There are many factors (like the ones mentioned above) that can help investors, accountants, and business owners determine the value of a particular business.
Here are six ways to calculate company valuation:
1. Book Value
The most straightforward method of determining a company’s value is to simply subtract liabilities from assets. This methodology is called determining book value.
Although it is effective, it doesn’t take into consideration potential revenue or future earnings. For investors, that is extremely valuable and important.
2. Market Capitalization
A company’s market capitalization represents the total value of its outstanding shares of stock. You can arrive at market capitalization by multiplying the current market value of one share by the amount of outstanding shares a company has. (Outstanding shares means shares owned by shareholders or other investors.)
3. Cash Value Analysis
The cash value analysis method of business valuation (also referred to as discounted cash flow). This method of business valuation allows a company to predict its potential for liquid assets in the future.
In other words, it assigns a value to the company’s current cash flow in tomorrow’s economic conditions. To find a company’s discounted cash flow, you will need to arrive at a terminal cash flow prediction, which makes this type of business valuation useful but slightly unreliable.
4. Enterprise Value
Enterprise value is often thought of as a more accurate picture of a company’s valuation when compared to market capitalization. To arrive at enterprise value, a company combines its debt and equity and subtracts the cash flow that is not being used to support the business. Enterprise value takes into consideration a company’s book value, while market capitalization relies on value determined by investors.
5. EBITDA
It would seem easy to assign a value to your business based solely on your profitability. However, most financial analysts and investors don’t want to rely on this because it can be manipulated to make a company look better or worse.

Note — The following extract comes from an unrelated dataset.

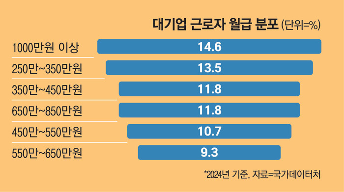 1. 대기업은 "월 1000만 원 이상이 가장 흔한 구간"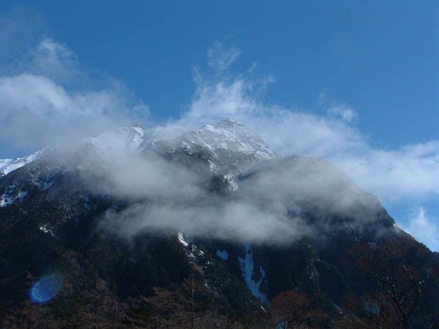 いちばん気の早い明神岳が、雲の頭巾を脱いで、新入りのことを覗きにやって来ていました。

For instance, tax liabilities and payments to investors can make a company appear less profitable during certain periods even if the company’s profit margins don’t change. To consider amortization and depreciation, companies may elect to arrive at a valuation called EBITDA.
This means “earnings before interest, taxes, depreciation, and amortization.” You’ll need an accountant or business analyst to help you arrive at this number because each company’s formula will differ.
6. Revenue Multiple
A popular way to very quickly determine a company’s potential value is to multiply its current sales by a known multiplier or “score.” For instance, if Company A has $400k in sales, a multiplier of 5 would mean that the company has a potential worth of $2 million.
The revenue multiplier is often used by investors or potential buyers to determine the likelihood that a company will be (or will continue to be) successful. This type of valuation is typically reserved for people attempting to buy your business. It isn’t usually relied upon by business owners themselves.
Which Valuation is Best?
There’s no right or wrong valuation method, although it’s clear that some valuation methods will make a company appear more or less valuable. If you are considering selling your business or offering more shares of your business, speaking to a qualified M&A firm and/or an experienced accountant is one of the best ways to get the most accurate valuation analysis possible. IBEX Middle Market Business Brokers can help with that!
Staying financially literate about your business can help you make necessary decisions quickly and accurately, which can help preserve the life and growth of your company. Remember that the net profitability of your company is only one way to measure your company’s value. There are many other factors that investors and buyers examine during the process of purchasing your business or investing in it.